_Assignment_
Beginning at the line that contains "纯棉背心男士修身型青年黑白条纹运动坎肩中大学生青少年夏季背心" and finishing at the line that contains "Private Cottage &", output the data below exactly. Include both end lines and no pictures.

_Material supplied_
....................

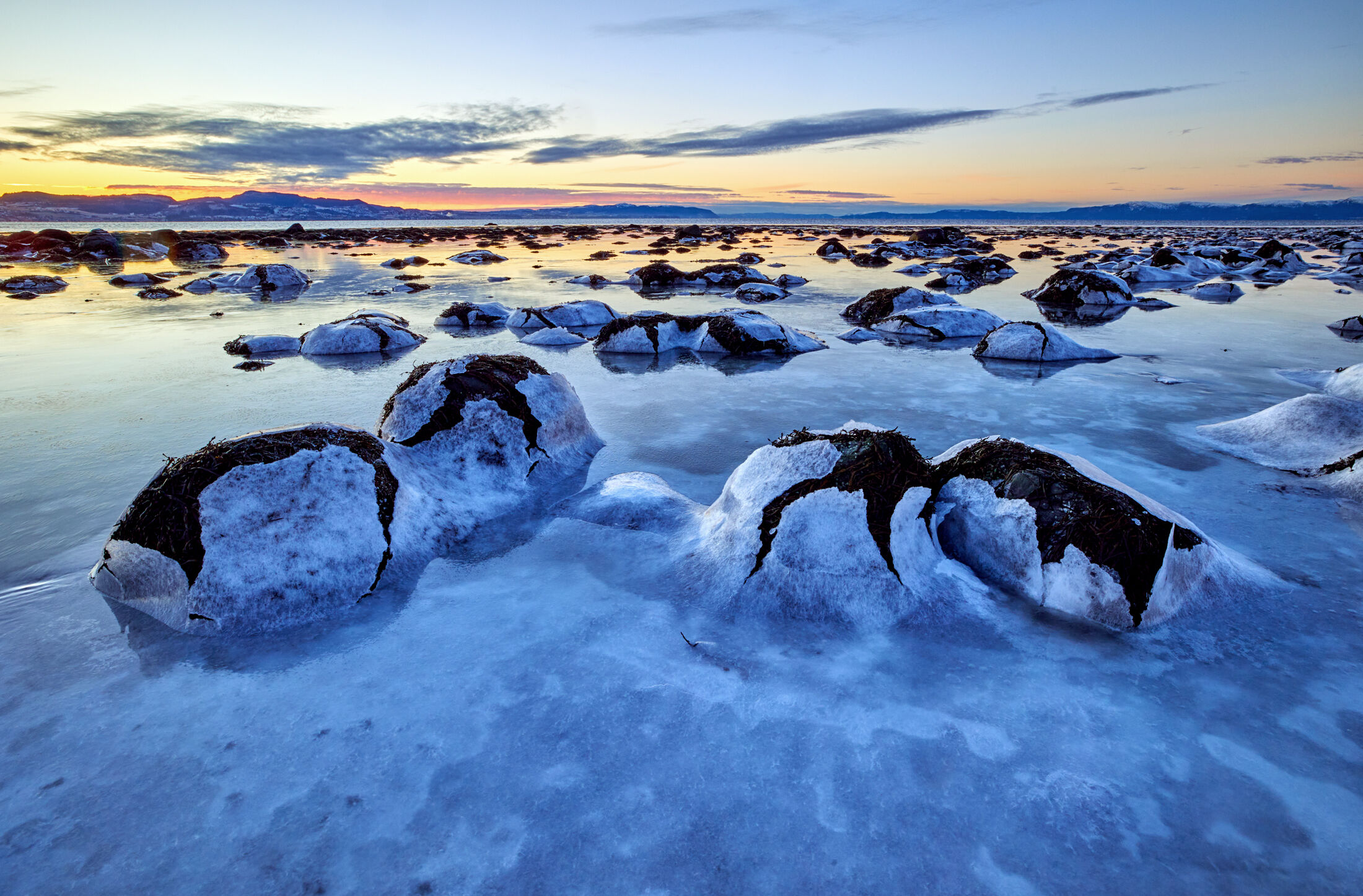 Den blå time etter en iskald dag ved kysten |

....................

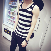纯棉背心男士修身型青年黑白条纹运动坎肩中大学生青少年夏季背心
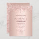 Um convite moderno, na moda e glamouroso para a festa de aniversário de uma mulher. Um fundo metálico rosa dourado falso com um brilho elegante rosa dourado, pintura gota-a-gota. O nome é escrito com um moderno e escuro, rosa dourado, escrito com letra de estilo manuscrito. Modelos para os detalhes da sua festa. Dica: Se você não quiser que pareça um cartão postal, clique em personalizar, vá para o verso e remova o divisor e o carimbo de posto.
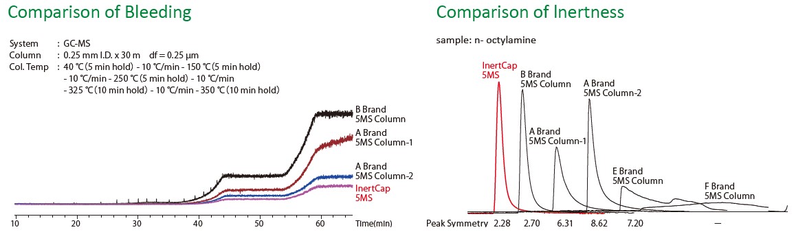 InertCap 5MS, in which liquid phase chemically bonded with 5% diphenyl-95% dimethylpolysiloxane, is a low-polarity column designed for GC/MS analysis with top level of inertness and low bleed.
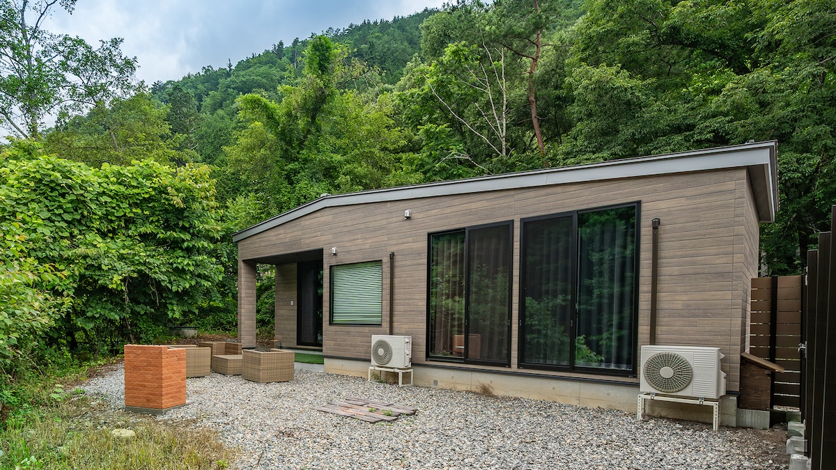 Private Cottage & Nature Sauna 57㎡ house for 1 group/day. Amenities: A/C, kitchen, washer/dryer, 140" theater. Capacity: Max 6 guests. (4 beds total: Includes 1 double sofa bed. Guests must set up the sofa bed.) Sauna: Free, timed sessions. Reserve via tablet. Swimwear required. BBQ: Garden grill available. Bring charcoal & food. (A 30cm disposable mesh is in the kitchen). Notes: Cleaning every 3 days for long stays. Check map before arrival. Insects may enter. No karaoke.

....................

_Response to this exercise_
纯棉背心男士修身型青年黑白条纹运动坎肩中大学生青少年夏季背心
 Um convite moderno, na moda e glamouroso para a festa de aniversário de uma mulher. Um fundo metálico rosa dourado falso com um brilho elegante rosa dourado, pintura gota-a-gota. O nome é escrito com um moderno e escuro, rosa dourado, escrito com letra de estilo manuscrito. Modelos para os detalhes da sua festa. Dica: Se você não quiser que pareça um cartão postal, clique em personalizar, vá para o verso e remova o divisor e o carimbo de posto.
 InertCap 5MS, in which liquid phase chemically bonded with 5% diphenyl-95% dimethylpolysiloxane, is a low-polarity column designed for GC/MS analysis with top level of inertness and low bleed.
 Private Cottage & Nature Sauna 57㎡ house for 1 group/day. Amenities: A/C, kitchen, washer/dryer, 140" theater. Capacity: Max 6 guests. (4 beds total: Includes 1 double sofa bed. Guests must set up the sofa bed.) Sauna: Free, timed sessions. Reserve via tablet. Swimwear required. BBQ: Garden grill available. Bring charcoal & food. (A 30cm disposable mesh is in the kitchen). Notes: Cleaning every 3 days for long stays. Check map before arrival. Insects may enter. No karaoke.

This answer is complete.